A lot of feelings got stuffed down, and I wrestled on my own to understand what had happened to my life. Thankfully I had friends and other family who were by my side and on my side as I went through it.

There is something, though. I wish I could have known him once I had grown up as I have some other members of my family. As I’ve gone through all these things, things that I did not myself pack or even know about, I’ve seen a little bit of my dad through my very adult eyes.

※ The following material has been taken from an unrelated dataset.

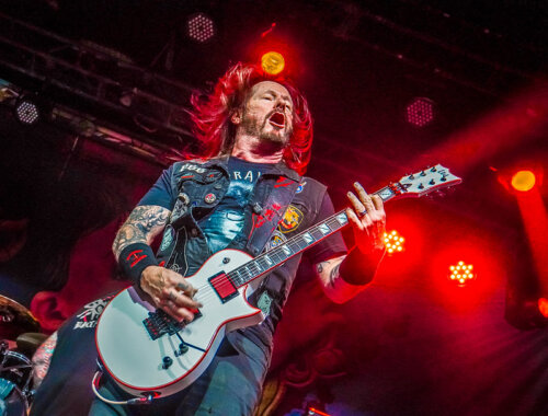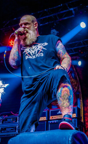 Desde o momento em que Rob Dukes subiu ao palco, a reação foi imediata. O Carioca Club explodiu em gritos antes mesmo da primeira nota, deixando claro que não se tratava apenas de nostalgia, mas de reconhecimento. A abertura com “Bonded by Blood” funcionou como um ataque frontal. As rodas de mosh se formaram instantaneamente e cada verso foi cantado em uníssono, reforçando o quanto o disco segue vivo e relevante quatro décadas depois.

One of my dad’s most personal artifacts was in the second to last box, his wallet. Inside were the usual things — pictures of my brother and me as newborns, a photo of his parents in their 40s, a photo of my mom holding me when I was 1, identification for the government places where he worked, even his army discharge papers and a copy of his birth certificate. But this…

Dad's wallet

It took me a little while to figure it out. Then I realized it was my dad’s way of reminding himself that no matter what a crappy hand he’d been dealt, he wasn’t going to whine about it. He didn’t, either. Toward the end, he got very frustrated and angry sometimes, raging over the question of continuing to be alive when his abilities had been abridged dramatically, but he never — that I remember — played violin music.

I was not really prepared for the intensity of my reaction to these artifacts. Last night, it had all so penetrated my mind, that when I saw a friend outside when I began my walk with the dogs, and invited her along, I said, “The light on the Beartooths is beautiful in the evenings, I mean the Sangres. I’m in Montana in my mind, I guess.” I felt awkward and disoriented for a moment.

All today I’ve felt exhausted and sad. I don’t think that’s so strange. I’m glad I’m finished with this, I’m glad I did it, it was the right thing to do, but most of all, I’m most happy that I will never have to do it again. All that’s left is one last trip to Montana.